Dybvig, R. Kent (1993). Continuations. Section 3.3 of The Scheme Programming Language, Third Edition. Cambridge, MA: The MIT Press. Available online at http://www.scheme.com/tspl3/further.html#./further:h3

Dybvig, R. Kent (1993). Continuation Passing Style. Section 3.4 of The Scheme Programming Language, Third Edition. Cambridge, MA: The MIT Press. Available online at http://www.scheme.com/tspl3/further.html#./further:h4


I understand that a continuation is a function representing the future of a computation. However, what happens when the same expression is being evaluated simulateously? Let's take the case of a very basic example: (/ (- x 1) (- x 2)). What continuation is used in each of the expressions (- x 1) and (- x 2)?

It depends on what order the compiler decides the parameters to / should be evaluated. If it evaluates the first one first, the continuation to (- x 1) is (lambda (tmp) (/ tmp (- x 2)) and the continuation to (- x 2) is (lambda (tmp2) (/ tmp tmp2)).

While continuations strike me as a powerful method in computation, they also strikes me as really inefficient. One of the reasons we like recursion is because we can do tail recursion wherein we don't have a bunch of information on the stack. Continuations seem entirely dependent on building up a stack, isn't that a poor use of memory?

Memory is fairly cheap. The timing results I've run on tail-recursive vs. non-tail-recursive procedures for the same problem typically show less than a 1% difference in running time. As importantly, well-implemented continuations can actually produce somewhat faster code.


I think I understand conditionals on a semantic level, but I don't understand the syntax for them. They seem to allow for flow control that is part recursion, part iteration, and part conditional behavior. Am I correct in thinking that Continuations are for flow control?

Yes, continuations provide a mechanism for flow control. (You might even say that continuations make flow control something like a first-class data value.)

I would like to see how the call/cc function is implemented in scheme.

Traditionally, the Scheme code is converted to continuation-passing style, so the continuation is immediately available.

The article mentions a number of specific uses of continuations but the different applications seem largely unrelated. What are the general properites of computations where continuations are useful?

When you want behavior that does not follow the standard call/return model, you can (and often must) use continautions. Exceptions seem to be the most common use. Continuations are also nice when you expect to interrupt a computation (which is a kind of violation of the call/return model).

On page 16, R. Kent Dybvig state, Expressions written in CPS are more complicated, of course, but this style of programming has some useful applications In what applications is CPS most frequently used, and why do those applications use CPS over the continuations obtained via call/cc?

First, call/cc might not be available (as in Lisp). Second, CPS can start to make more logical sense for describing control flow. It is certainly much more linear than traditional Scheme or Lisp. I'm not sure what applications, other than those I'll mention in class.
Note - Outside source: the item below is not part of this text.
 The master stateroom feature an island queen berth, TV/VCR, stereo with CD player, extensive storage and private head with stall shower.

The way I understood the reading was that Scheme is built on continuations. Every function, variable, and list implies a continuation. This paper is demonstrating explicit continuations rather than implicit continuations. Is this a correct understanding?
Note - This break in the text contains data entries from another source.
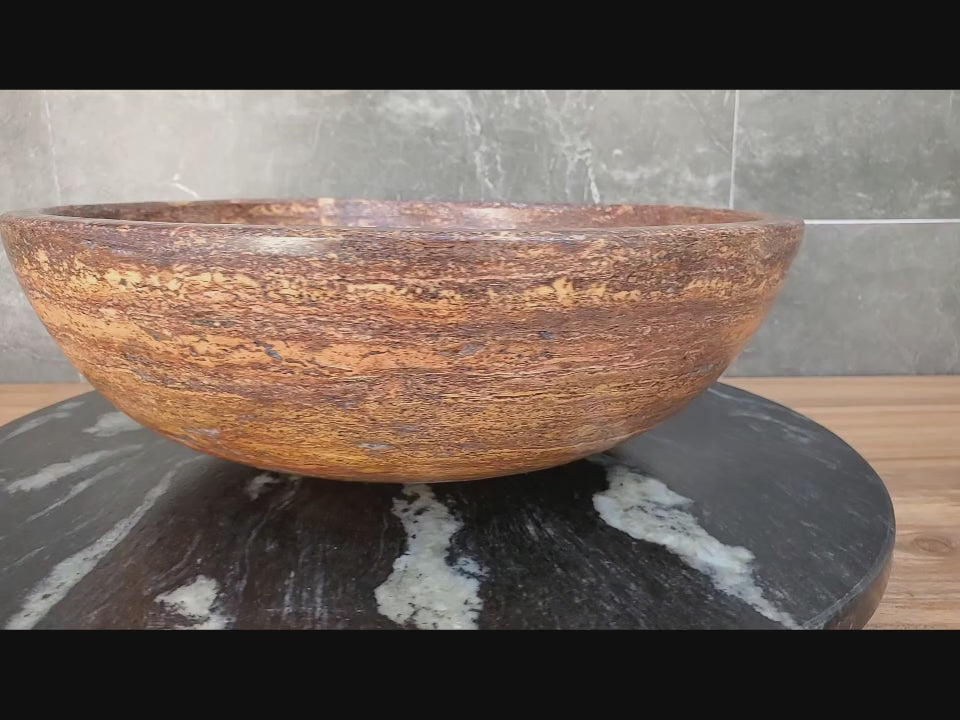 Crafted with care from exquisite travertine stone, this round vessel sink boasts a refined, timeless aesthetic. Hand-chiseled to perfection, its classic beauty is captivating. You will receive the sink in these pictures. It is truly one of a kind.
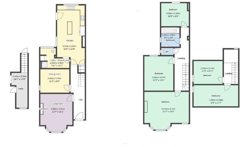 The ground floor of this splendid residence offers a wealth of spacious living areas, starting with a beautifully appointed bay-fronted living room. The adjacent dining room provides a wonderful setting for formal dinners or casual gatherings and its original features showcase the house's rich heritage. The heart of the home is undoubtedly the modern fitted kitchen, complete with a stylish island for meal preparation and casual dining. It seamlessly connects to the cellar, a versatile space ready to be transformed according to your needs and a utility/shower room for added convenience.
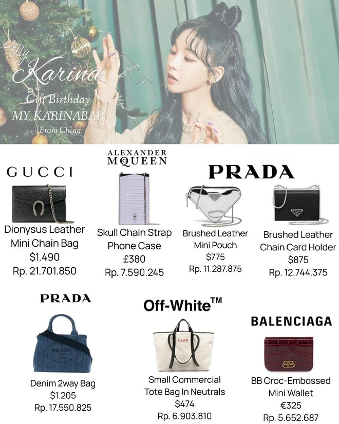 Celebrating Karina's first birthday since debut, the fans have been extremely expensive, buying her dozens of expensive brands.
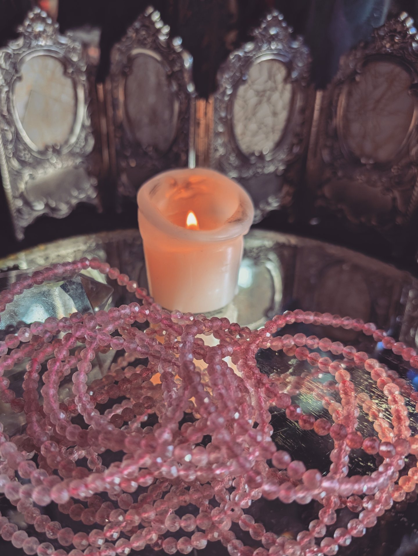 Sold individually. These are delicate. Shimmery faceted strawberry quartz. This is a heart healer. It's gentle and he helps us heal emotional wounds

That's a bit of an overstatement. Every function call implies a continuation. That's about it. Scheme makes those continuations explicit, rather than implicit.


Wha's the difference between the continations in scheme and the "continue" function in Java?

Um ... I'm not sure why you'd think that they are anything the same, other than that they start with the first six letters. The continue keyword in Java says go back to the top of the loop. Continuations represent what happens next. One is a command, one is a value.